Photo by Thomas Charters 

And by feeling passionate or excited I don’t mean feeling that it’s going to be easy. Sometimes the hardest work, where I’m thinking deeply about the writing, is the most fruitful. Granted, it’s so easy to look at the amount of work needed and say, oh I don’t feel passionate about this so I’m going to play World of Warcraft (yes, still playing). The road to procrastination is paved with side quests.  The trick is being honest and saying either:

  • I just can’t dredge up the words. I need a break to do something else today.
  • I’m at a tough spot and it’s going to be rough, but I’m going to focus on this for one hour and see what happens.

And the first option is okay. As long as I don’t let that day become a week or a month.

The second option is when I have to dig deep. Can I do 30 minutes? 15 minutes? Can I write just one paragraph? I tell myself I can delete it when I’m done. These tricks (somehow I can trick myself, which is pretty darn amazing. Brains are weird.), these tricks of time and short bursts of writing lend a sense impermanence to the writing which may be what I need at the moment. After all, if I pretend it’s not “serious writing,” then there’s no pressure. I can delete it and move on. I’m often pleasantly surprised by what comes of letting go of the pressure to perform.

If all else fails, sometimes I switch tracks completely. Last week, feeling conflicted and overwhelmed about working on my projects, I let myself write a few poems. No one has to see them, I flexed some creative muscle, and also worked on brevity and imagery. A win all around.

shakesSometimes it helps to remember that 10 minutes of writing is better than nothing. You don’t have to create a masterpiece each session. Just write and let go for a few precious moments.

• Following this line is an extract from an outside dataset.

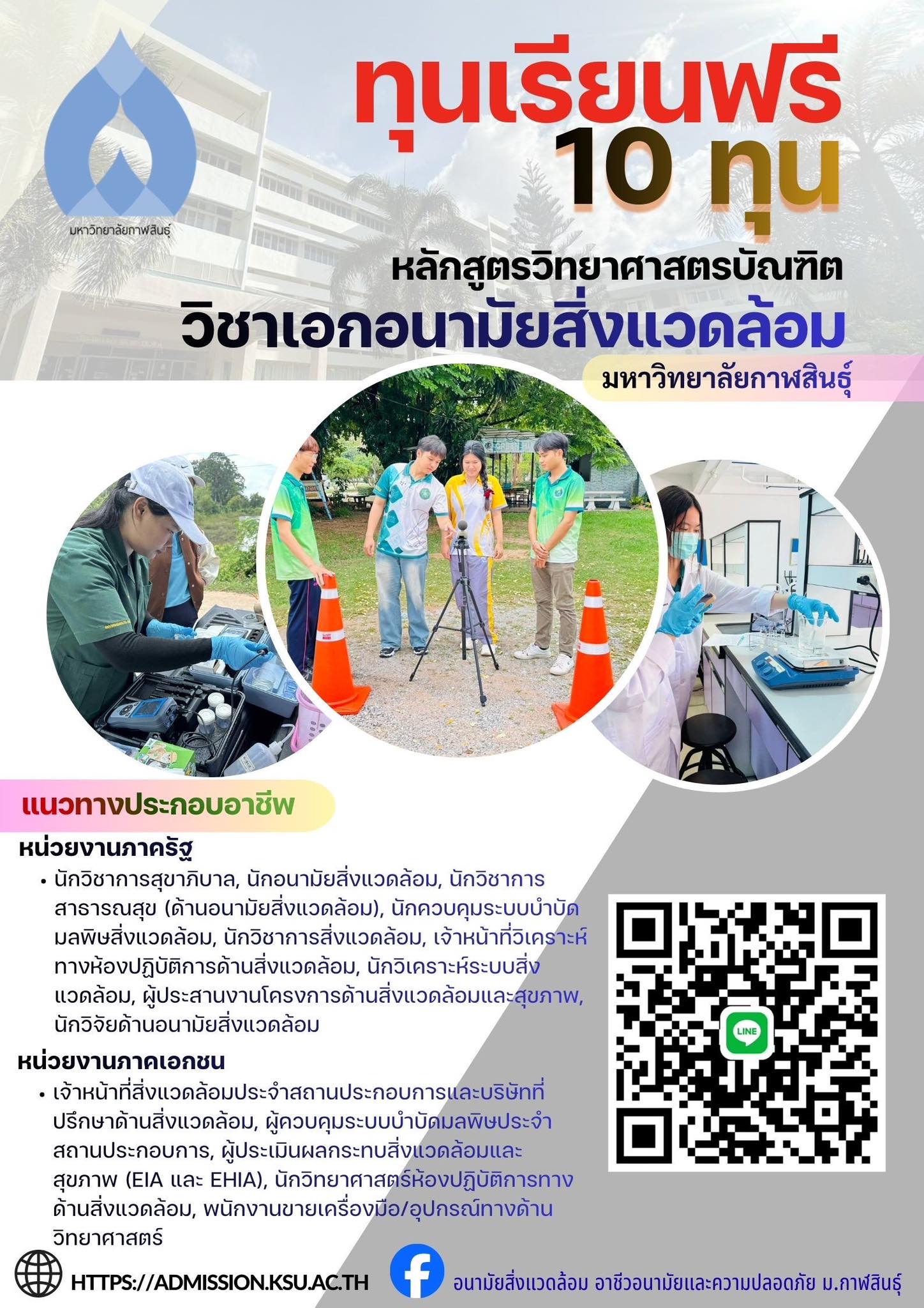สอบถามรายละเอียดเพิ่มเติมได้ที่เพจสาขาโดยตรง วิทยาศาสตร์และเทคโนโลยีสิ่งแวดล้อม มหาวิทยาลัยกาฬสินธุ์ หรือ Scan ได้เลย

8 thoughts on “Under the Weather: Finding your Grit

  1. I agree with your strategy. Writing anything, even if it’s horrible, can sometimes be the only way to get back into a groove. I also think it’s tough to transition from editing a finished piece to starting a new one because I edit for so long, I get spoiled working on something polished. Then when I start from scratch, I look at the new words and paragraphs and think, “Yuck! This stinks!” before I give it a chance to develop.


    • I totally agree. I think being consistent is more important even if the words aren’t amazing. For me, it’s a lot harder to get back into anything when I’ve stayed away too long!


  2. “10 minutes is better than nothing.” So very true. Just keep moving forward. It can be hard, especially with those lovely side quests begging for completion marks. Have you considered making quests and side quests out of your writing goals to help give you the same thrill of completion you get from video games? It almost makes me want to try 4thewords…

    Liked by 1 person

    • lolol that is an amazing idea! I keep wanting to try a bullet journal or something similar and I could totally incorporate that!


  3. Being excited about a project is really important, and it definitely doesn’t mean it’ll be easy. I haven’t tried to trick myself, but maybe I’ll give it a go. Good points and good post.

    Liked by 1 person

  4. Thank you for sharing this. Great ideas. I’ve convinced myself that I’ll be adding to my health when I visit my writing daily. Writing/editing, once I’ve done it, makes me feel good. Too many days of not sitting down behind my computer screen or spiral notebook, makes me feel poorly. Just the idea of my craft stagnating and work in progress not moving forward, influences how I physically feel.

    Liked by 1 person

    • Exactly. I’ve been trying to balance a lot but just as need to eat good food to be healthy and fueled, we also need creativity for our souls and exercise for our bodies. It all matters!